MCMC cycles completed. Use the ./_sbrc.txt, column 1 2 3 to calculate the polygenic risk score.

Parameter estimation: hsq nnz sigmaSq ssq vare varg 4900.00531 165216.95500 24.80624 9415.16191 1545.04121 4900.00531 Analysis finished: 2023-06-06 19:55:50 Computational time: 36431.893 seconds

cat _.log

PLINK v1.90b6.21 64-bit (19 Oct 2020) Options in effect: --bfile --out --score ./testsbrc.txt 1 2 3 header sum center --threads 1 Random number seed: 1686150981 191855 MB RAM detected; reserving 95927 MB for main workspace. 9698250 variants loaded from .bim file. 47170 people (0 males, 0 females, 47170 ambiguous) loaded from .fam. Ambiguous sex IDs written to .nosex . Using 1 thread. Before main variant filters, 47170 founders and 0 nonfounders present. Calculating allele frequencies... done. Total genotyping rate is 0.997053. 9698250 variants and 47170 people pass filters and QC. Note: No phenotypes present. Warning: 19998 lines skipped in --score file (19990 due to variant ID mismatch, 8 due to allele code mismatch); see .nopred for details. --score: 7336520 valid predictors loaded. --score: Results written to .profile .

zhilizheng commented 1 year ago

Hi @NiranOkewole ,

Thanks for the details. That's much clear to me.

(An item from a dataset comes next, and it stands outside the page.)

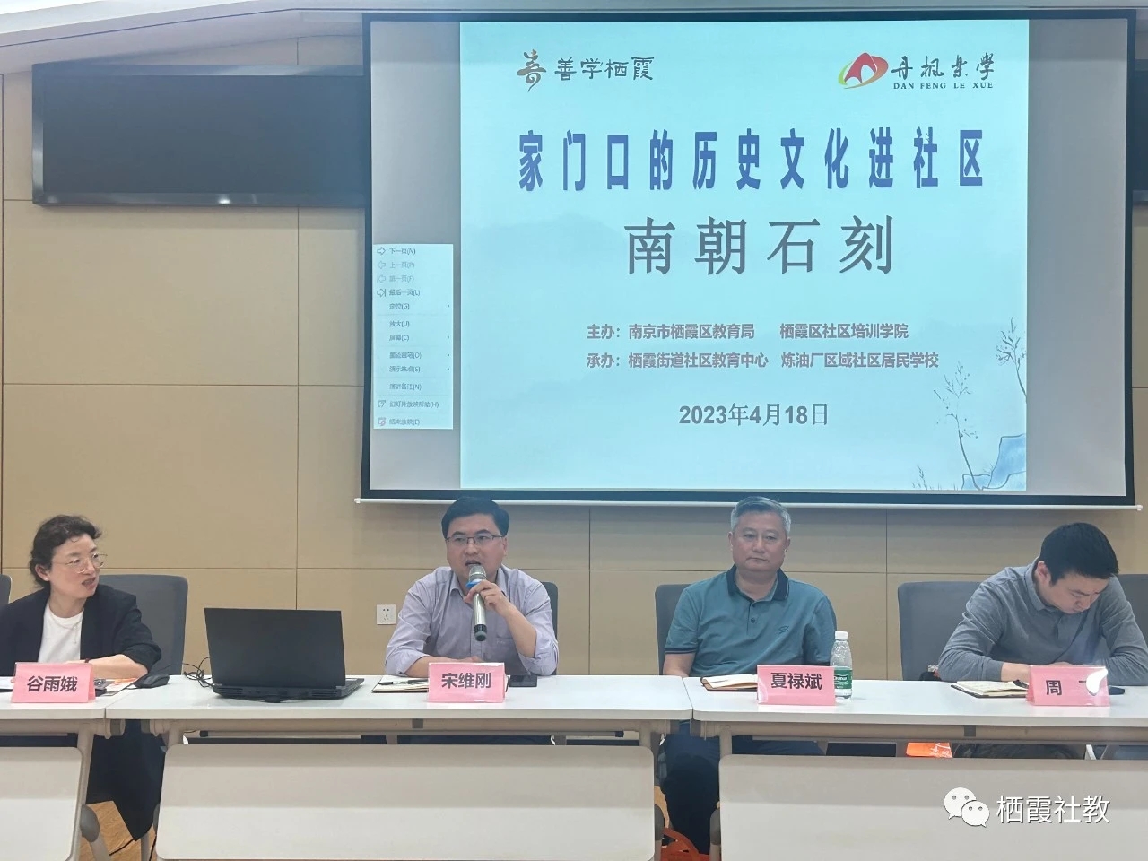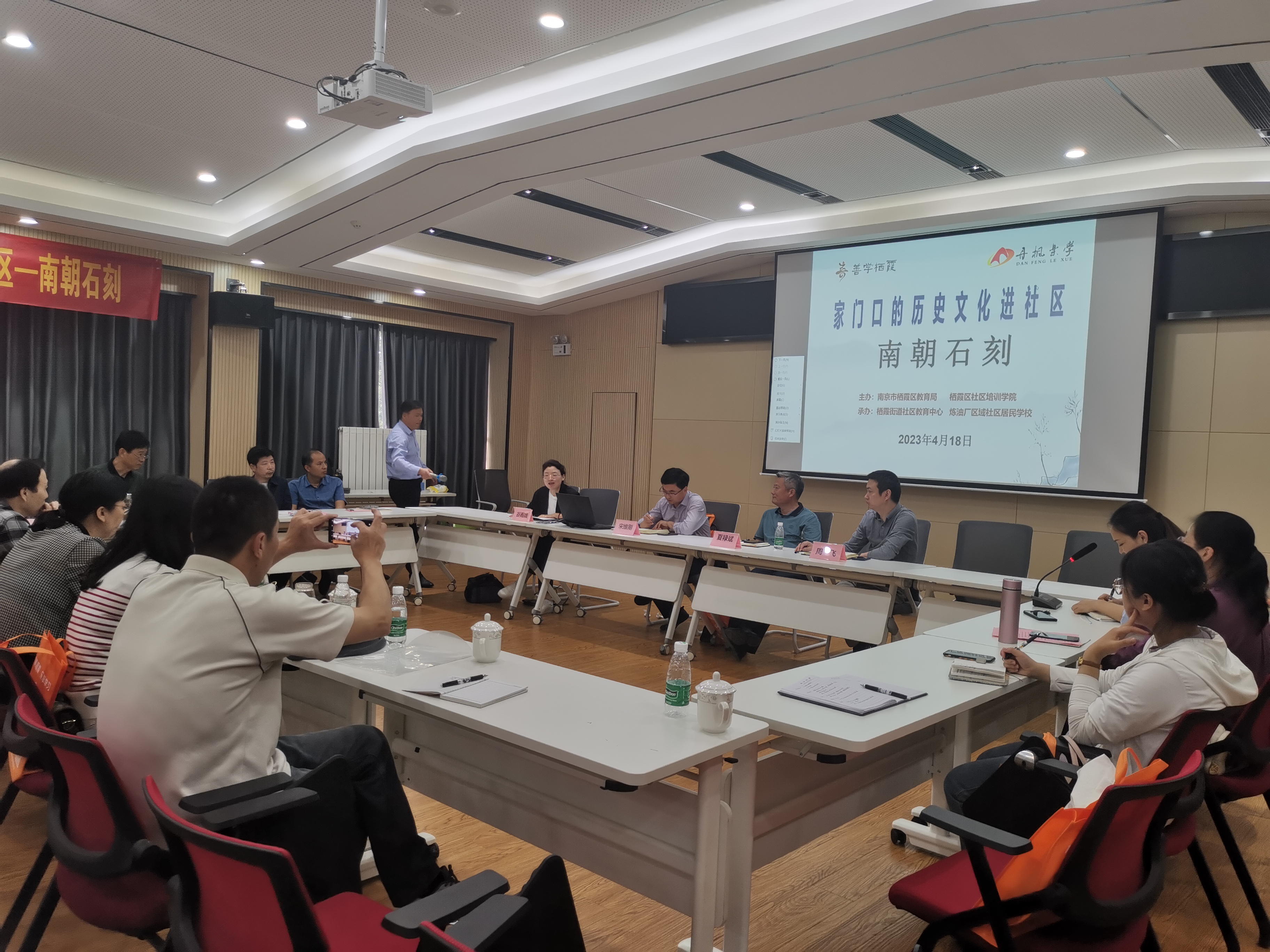 为了促进教师队伍专业化发展,栖霞区连续多年组织开展社区教育观摩活动。2023年4月18日下午,观摩活动首站在栖霞街道南炼社区党群服务中心拉开帷幕,活动以“家门口的历史文化进社区—南朝石刻”为主题,旨在挖掘栖霞区区域文化内涵,让社区居民对家门口的历史文化遗迹有更加深入的了解,增强社区居民对栖霞街道深厚文化底蕴的认同,增强居民保护文物的意识。

I have a suggestion on the LD reference. From the log, it looks like the eigen cutoff value is very small, it suggests the population of the summary data is different from the UKB EUR. In this case, the model could be mis-specified, hence the prediction is sub-optimal (although SBayesRC usually gives better results compared to other methods in this case which will be shown in our revision soon).

I suggest to obtain a similar genotype data from your summary and re-generate the LD (see the document section "Generate LD") if this is possible.

Hope this is useful.

Regards, Zhili

NiranOkewole commented 1 year ago

Ah I see. Will explore that. Thanks so much.